Postby cooran » Sun Apr 04, 2010 9:12 am

Worth bearing in mind when we minimise the lowering of standards for Bhikkhus from the level the Buddha taught:

'Anagatavamsa' " The Sermon of the Chronicle to be "
""'How will it occur? After my decease there will first be five disappearances. What five? The disappearance of attainment (in the Dispensation), the disappearance of proper conduct, the disappearance of learning, the disappearance of the outward form, the disappearance
of the relics. There will be these five disappearances.

'Here attainment means that for a thousand years only after the lord's complete Nibbana will monks be able to practice analytical insights. As time goes on and on these disciples of mine are nonreturners and once-returners and stream-winners. There will be no disappearance of attainment for these. But with the extinction of the last stream-winner's life, attainment will have disappeared.

..<.........>

'The disappearance of learning means that as long as there stand firm the texts with the commentaries pertaining to the word of the Buddha in the three Pitakas, for so long there will be no disappearance of learning. As time goes on and on there will be base-born kings, not Dhamma-men; (dharma) their ministers and so on will not be Dhamma-men, and consequently the inhabitants of the kingdom and so on will not be Dhamma-men. Because they are not Dhamma-men it will not rain properly. Therefore the crops will not flourish well, and in consequence the donors of requisites to the community of monks will not be able to give them the requisites. Not receiving the requisites the monks will not receive pupils. As time goes on and on learning will decay. In this decay the Great Patthana itself will decay first. In this
decay also (there will be) Yamaka, Kathavatthu, Puggalapannati, Dhatukatha, Vibhanga and Dhammasangani. When the Abhidhamma Pitaka decays the Suttanta Pitaka will decay.

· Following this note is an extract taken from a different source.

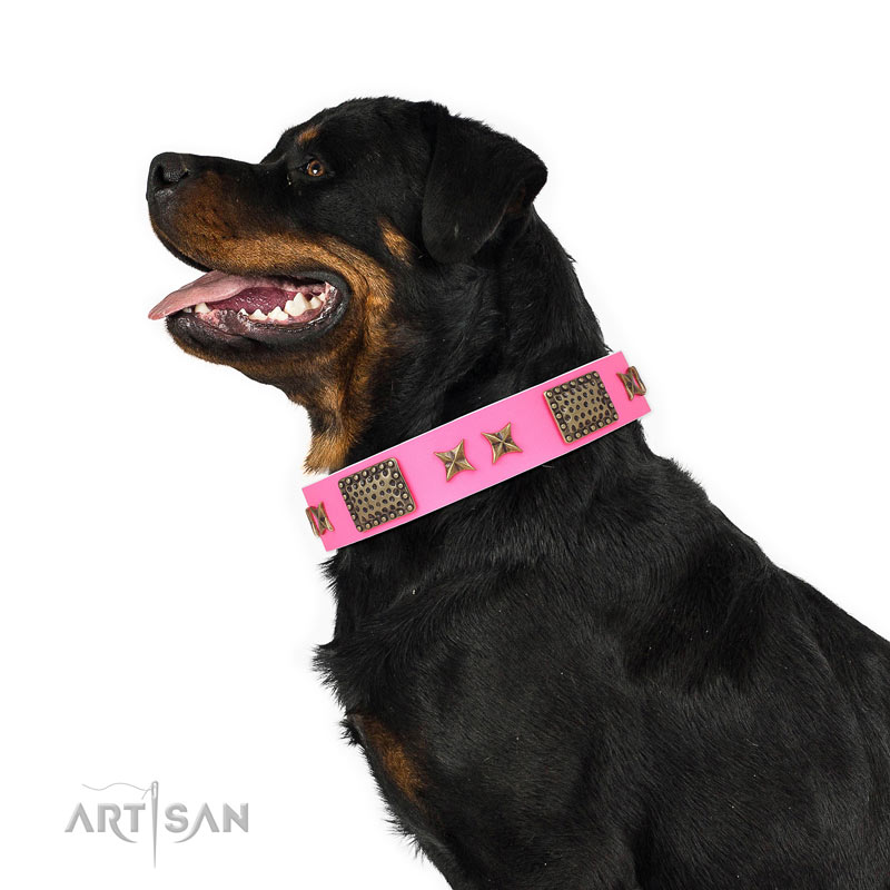 Rottweiler handmade full grain natural leather dog collar with decorations

When the Suttantas decay the Anguttara will decay first. When it decays the Samyutta Nikaya, the Majjhima Nikaya, the Digha Nikaya and the Khuddaka-Nikaya will decay. They will simply remember the jataka together with the Vinaya Pitaka. But only the conscientious (monks) will remember the Vinaya Pitaka. As time goes on and on, being unable to
remember even the jataka, the Vessantara-jataka will decay first. When that decays the Apannaka-jataka will decay. When the jatakas decay they will remember only the Vinaya-Pitaka. As time goes on and on the Vinaya-Pitaka will decay. While a four-line stanza still continues to exist among men, there will not be a disappearance of learning.
When a king who has faith has had a purse containing a thousand (coins) placed in a golden' casket on an elephant's back, and has had the drum (of proclamation) sounded in the city up to the second or third time, to the effect that: "Whoever knows a stanza uttered by the Buddha, let him take these thousand coins together with the royal elephant"-but yet finding no one knowing a four-line stanza, the purse containing the thousand (coins) must be taken back into the palace again-then will be the disappearance of learning.
'This, Sariputta, is the disappearance of learning.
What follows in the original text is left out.